DISCUSSION: This question tests your understanding of the scientific method, a common LSAT theme.
In a proper experiment, you should keep all the variables the same, except for the variable you’re testing.
So the dummies should be the same, except for the breast stripe.
___________
- This would strengthen the experiment, by showing that the behavior is common to all titmice, and not just those from a particular flock.
- CORRECT. If this is true, then the titmice might have been reacting to some other difference, and not the change in stripe size.
- The size of the breast stripe didn’t correlate with age (lines 43-45), so the age of the birds shouldn’t matter.
- As long as the food was something that the titmice wanted to eat (and was always the same), then this wouldn’t matter. The birds could likely see the breast stripe before they saw what food was in the tray.
- This somewhat supports the hypothesis.
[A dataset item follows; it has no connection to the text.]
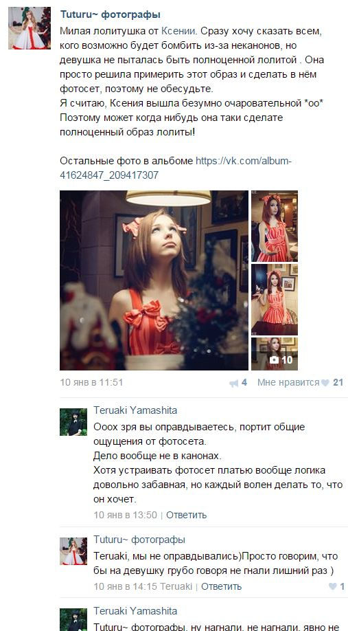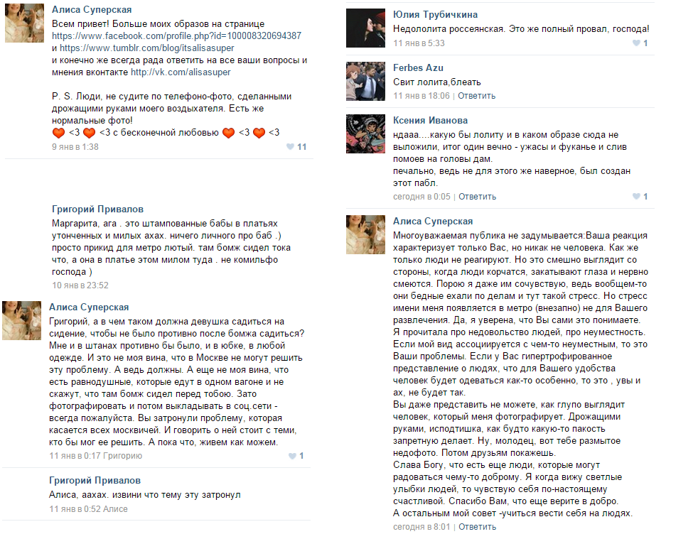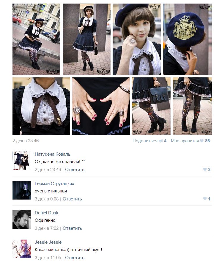 5) Я ношу вещи для своего удовольствия или исходя из их практичности. Я часто могу надеть что-то невпопад, если меня ждет какой-нибудь банальный поход за продуктами или перевоз вещей от парня до дома или наоборот, поэтому с внешностью не заморачиваюсь, заботит только гигиена. А вот если иду гулять с кем-либо / в кафе/ в кино / по магазинам, то уже тогда что-то стараюсь продумать. Лолиту надела всего один раз на глф, второй раз просто отфоткала, но фото разместила у себя только потому, что не вижу смысла пихать себя во все щели, да и в сложно меня вроде как не любят, как я понимаю. Поэтому и смысла нет там отствечиваться теперь, мне хватает просто читать новости. Хотя вот тут не знаю, чем я вам не угодила и что я вам сделала. Когда вы уже скажете, чем я вам конкретно насолила?
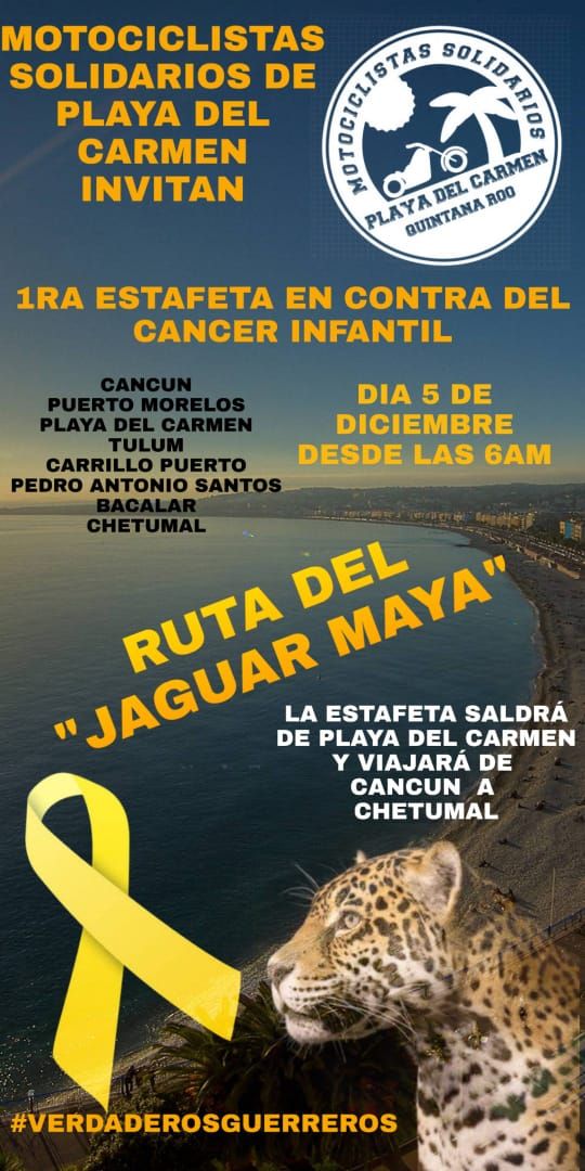 Street bikers Playa del Carmen y la Unión de motociclistas solidarios invita a todos los bikers de la región a la caravana “Rodada del Jaguar maya” que se llevará a cabo el 5 de diciembre a partir de las 6:00 am, saliendo desde playa del carmen y se dirigirá hacia el área de oncología infantil del hospital regional de Chetumal

The idea was that symbols such as stripes would determine status and avoid the need for fights.
Or perhaps once an aggressive bird got close enough, it would realize the experimental bird was a dummy.

I got down to B and C pretty quickly, and because 43-45 equally controls for age AND physical characteristics, I picked on the basis that age was a specifically cited as a covariate in the Harris Sparrows case. They controlled for a slew of physical factors (body weight, sex, wing length). Are we meant to read “physical characteristics” as meaning only physical characteristics besides those which they controlled for? If this was the case why did they not instead say a specific, not listed physical characteristic like talon size or something?
The experiment just showed that birds were confident or afraid based on the size of the breast stripe. The only change in the experiment was in the stripe. ALL birds had the same reaction.
Paragraph 3 said stripe width was the only factor correlated with fighting ability. Age wasn’t. The fact that a factor is mentioned doesn’t mean it is a decisive factor that must be included in any test.
Whereas B just devastates the experiment. In an experiment you’re only supposed to change one factor. B shows several are changed.
Hope that helps!
I reread the specific passage in question several times over – I understand that a point being made is that controlling for other factors does not mean that they have no effect. The size of a bird dummy, if varied, will possibly influence the results. But doesn’t this mean that a change in the quality of the subjects, like their age, couldn’t equally devastate the study.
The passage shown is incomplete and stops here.